**DATA EXCERPT:**
************
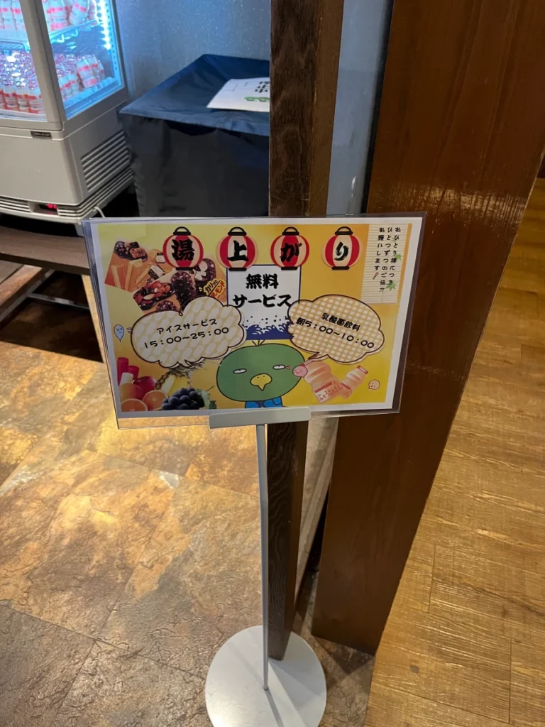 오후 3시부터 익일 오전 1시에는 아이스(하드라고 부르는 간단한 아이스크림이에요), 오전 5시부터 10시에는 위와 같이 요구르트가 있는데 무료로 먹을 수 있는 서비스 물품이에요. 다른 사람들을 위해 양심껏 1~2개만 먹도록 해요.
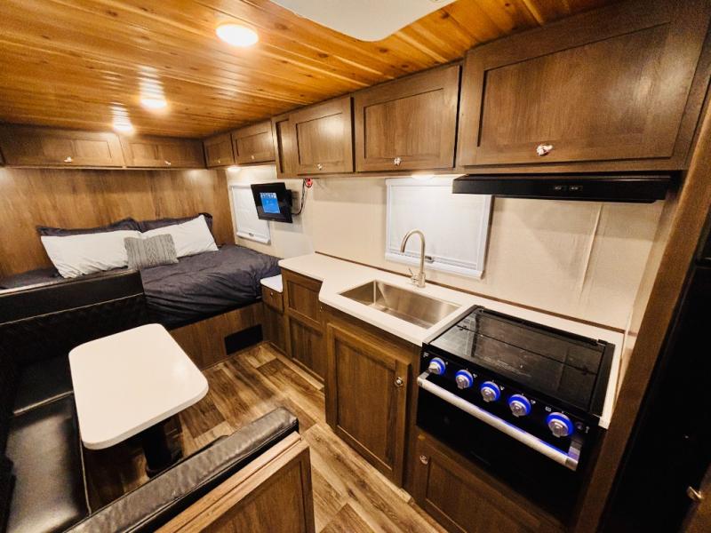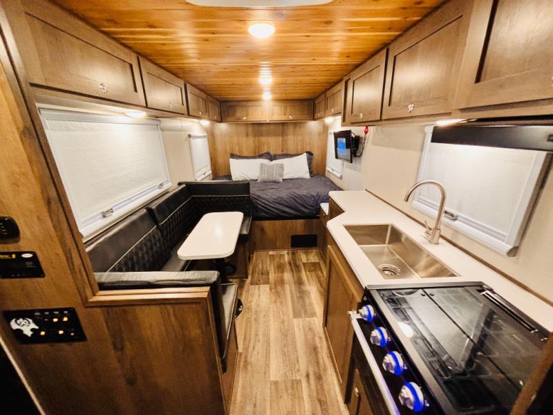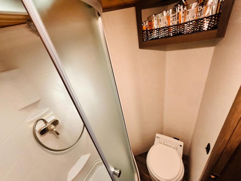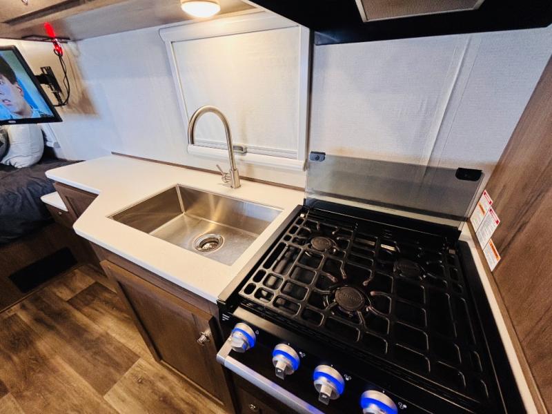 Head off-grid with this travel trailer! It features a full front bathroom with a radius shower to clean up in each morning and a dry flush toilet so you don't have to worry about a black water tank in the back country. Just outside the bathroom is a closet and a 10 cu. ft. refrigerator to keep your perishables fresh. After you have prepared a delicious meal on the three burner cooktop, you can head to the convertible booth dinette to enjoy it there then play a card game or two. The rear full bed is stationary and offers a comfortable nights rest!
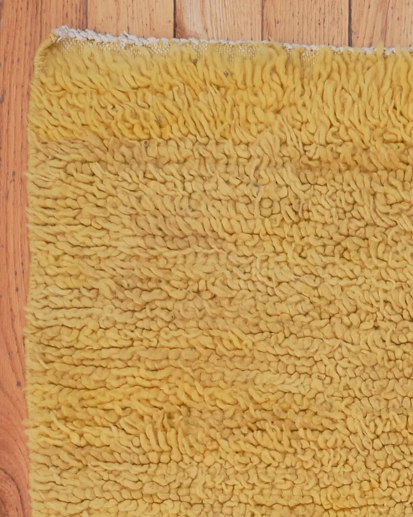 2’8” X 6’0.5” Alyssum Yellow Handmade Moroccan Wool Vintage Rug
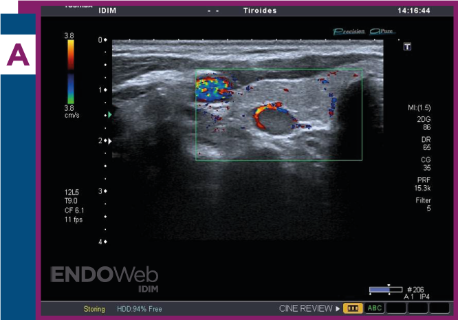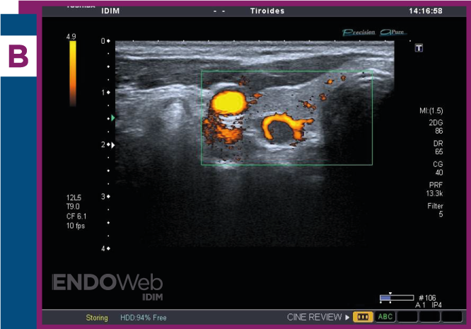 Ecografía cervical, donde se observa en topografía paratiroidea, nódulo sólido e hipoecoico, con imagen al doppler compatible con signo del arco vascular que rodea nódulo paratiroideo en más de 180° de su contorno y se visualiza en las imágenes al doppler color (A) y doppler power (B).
************
**WHAT IS BEING ASKED:** The expected output is every line of the data, unchanged, with the pictures skipped.

**SOLUTION FOR THIS TASK:**
 오후 3시부터 익일 오전 1시에는 아이스(하드라고 부르는 간단한 아이스크림이에요), 오전 5시부터 10시에는 위와 같이 요구르트가 있는데 무료로 먹을 수 있는 서비스 물품이에요. 다른 사람들을 위해 양심껏 1~2개만 먹도록 해요.
 Head off-grid with this travel trailer! It features a full front bathroom with a radius shower to clean up in each morning and a dry flush toilet so you don't have to worry about a black water tank in the back country. Just outside the bathroom is a closet and a 10 cu. ft. refrigerator to keep your perishables fresh. After you have prepared a delicious meal on the three burner cooktop, you can head to the convertible booth dinette to enjoy it there then play a card game or two. The rear full bed is stationary and offers a comfortable nights rest!
 2’8” X 6’0.5” Alyssum Yellow Handmade Moroccan Wool Vintage Rug
 Ecografía cervical, donde se observa en topografía paratiroidea, nódulo sólido e hipoecoico, con imagen al doppler compatible con signo del arco vascular que rodea nódulo paratiroideo en más de 180° de su contorno y se visualiza en las imágenes al doppler color (A) y doppler power (B).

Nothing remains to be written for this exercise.